63 Merhabâ ey sırr-ı furkân merhabâ
Merhabâ ey derde dermân merhabâ
sırr-ı furkan: (İyi ile kötü ve doğru ile yanlış arasındaki farkı gösteren) Kur’an’ın sırrı.
Merhaba ey Kur’an’ın sırrı, merhaba! Merhaba ey derde derman, merhaba!

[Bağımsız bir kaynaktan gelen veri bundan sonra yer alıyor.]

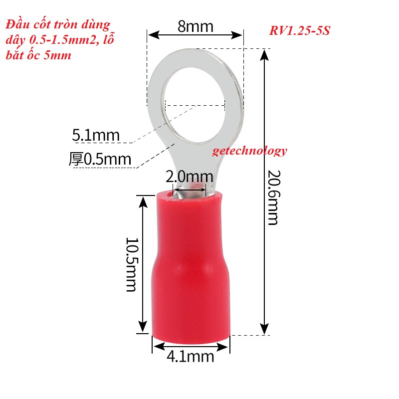 RV1.25-5S Đầu cốt tròn tiết diện dây 0.5-1.5mm2, lỗ bắt ốc 5mm (100 cái/túi)
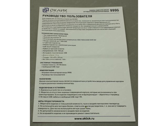 OKLICK Optical Mouse 999G  Black  (RTL) USB 7btn+Roll 1102293
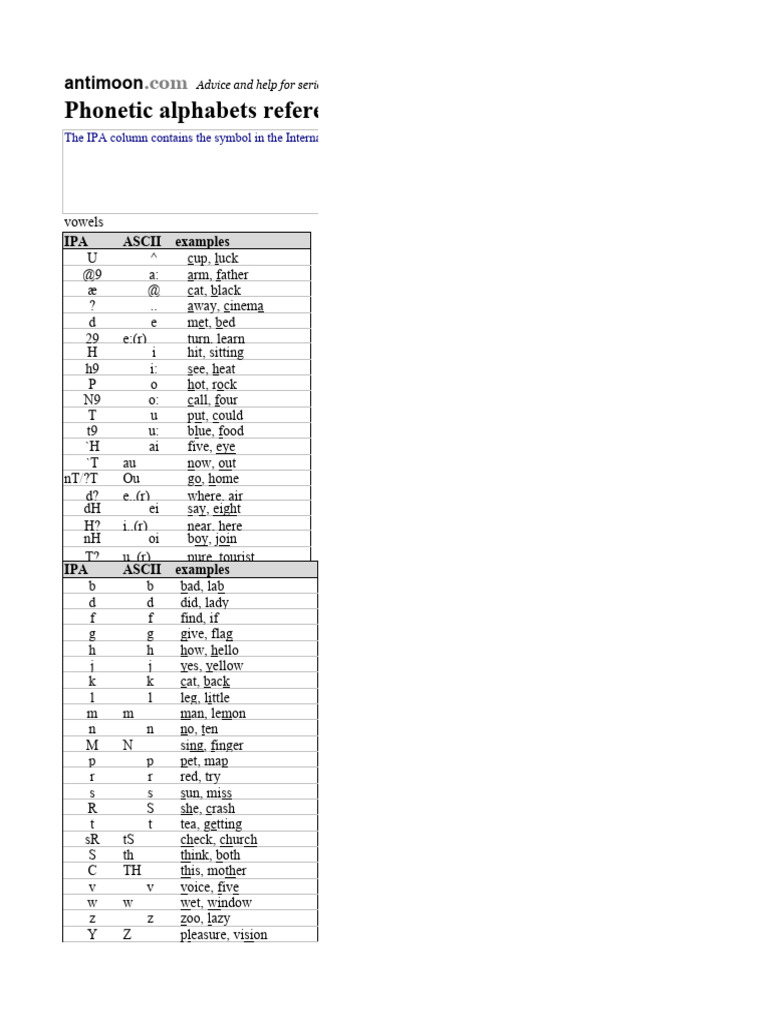 in the International Phonetic Alphabet, as used in phonemic transcriptions in modern English dictionaries.The ASCII column shows the corresponding sy

64 Merhabâ ey bülbül-i bâğ-ı cemâl
Merhabâ ey âşinâ-yı zü’l-Celâl
Merhaba, ey güzellik bahçesinin bülbülü, ey yücelik sahibini tanıyan! Merhaba!

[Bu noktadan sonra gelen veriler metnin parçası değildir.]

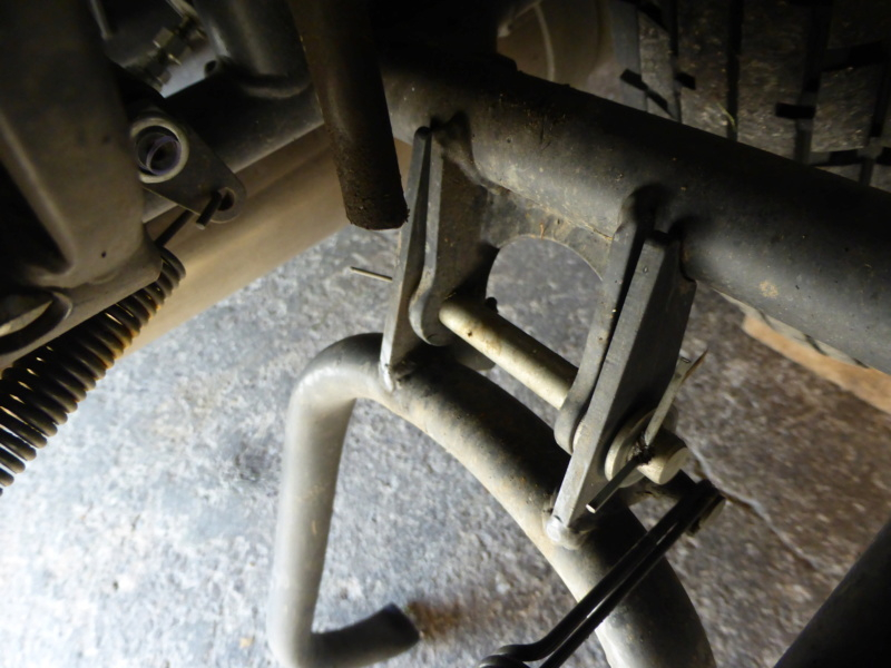 Le ressort de béquille s'accroche sur la broche de fixation moteur (entre cadre et moteur)
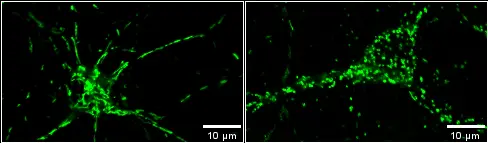 Détection par immunofluorescence des marqueurs neuronaux MAP2 (vert) et Tau (rouge).
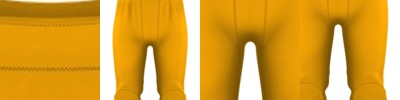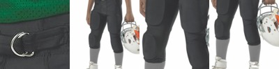 6 oz. 100% polyester; Elastic waistband with black drawcord; Faux fly; Knee piping; Back pocket; Side zipper pockets; Hem cuffs;

65 Merhabâ ey mâh ü hurşîd-i Hudâ
Merhabâ ey Haktan olmayan cüdâ
Merhaba, ey doğru yolu göstermenin ay ve güneşi! Merhaba, ey Hak’dan uzak kalmıyan...
66 Merhabâ ey âsî ümmet melcei
Merhabâ ey çâresizler eşfai
Merhaba, ey asi ümmetin sığınağı! Merhaba, ey çaresizlere en çok şefaat eden!
67 Merhabâ ey cân-ı bâkı merhabâ
Merhabâ uşşâka sâki merhabâ
Merhaba, ey daimî olan can, merhaba! Merhaba, âşıklara saki olan, merhaba!
68 Merhabâ ey kurretü’l-ayn-i halîl
Merhabâ ey hâs-ı mahbûb-ı Celîl
Merhaba, ey İbrahim Peygamber’in gözünün nuru! Merhaba, ey yücelik sahibi Allah’ın has sevgilisi!
69 Merhabâ ey pâdişâh-ı dü cihân
Senin için oldu kevn ile mekân
Ey iki cihanın padişahı, merhaba! (Bu) varlıklar, (bu) kâinat senin için yaratıldı.
70 Ey cemali gün yüzü bedr-i münîr
Ey kamu düşmüşlere sen destgîr
Ey yüz güzelliği güneş, yüzü nurlu dolunay! Ey bütün düşmüşlerin elinden tutan, yardımcı olan!
71 Dest-gîrisin kamu üftâdenin
Hem penâhı bende vü âzâdenin
Bütün düşmüşlerin yardımcısısın. Hem de kulların ve hürlerin sığınağısın.
72 Ey gönüller derdinin derdinin dermânı sen
Ey yaratılmışların sultânı sen
Sen ey gönüller derdinin dermanı... Sen, ey yaratılmışların sultanı!...
73 Sensin ol sultân-ı cümle enbiyâ
Nûr-ı çeşm-i evliyâ vü asfiyâ
Sen bütün peygamberlerin sultanısın. Ermişlerin ve temiz gönüllülerin gözlerinin nurusun.
74 Ey risâlet tahtının sen hâtemi
Ey nübüvvet mührinin sen hâtemi
hatem: Son; üstü yazılı mühür.
Sen ey mürsel peygamberlik tahtının sonuncusu, sen ey peygamberlik mührünün sonu.
75 Çünki nûrun rûşen etti âlemi
Gül cemalin gülşen etti âlemi
Mademki nurun âlemi aydınlattı, gül güzelliğin dünyayı gül bahçesine çevirdi.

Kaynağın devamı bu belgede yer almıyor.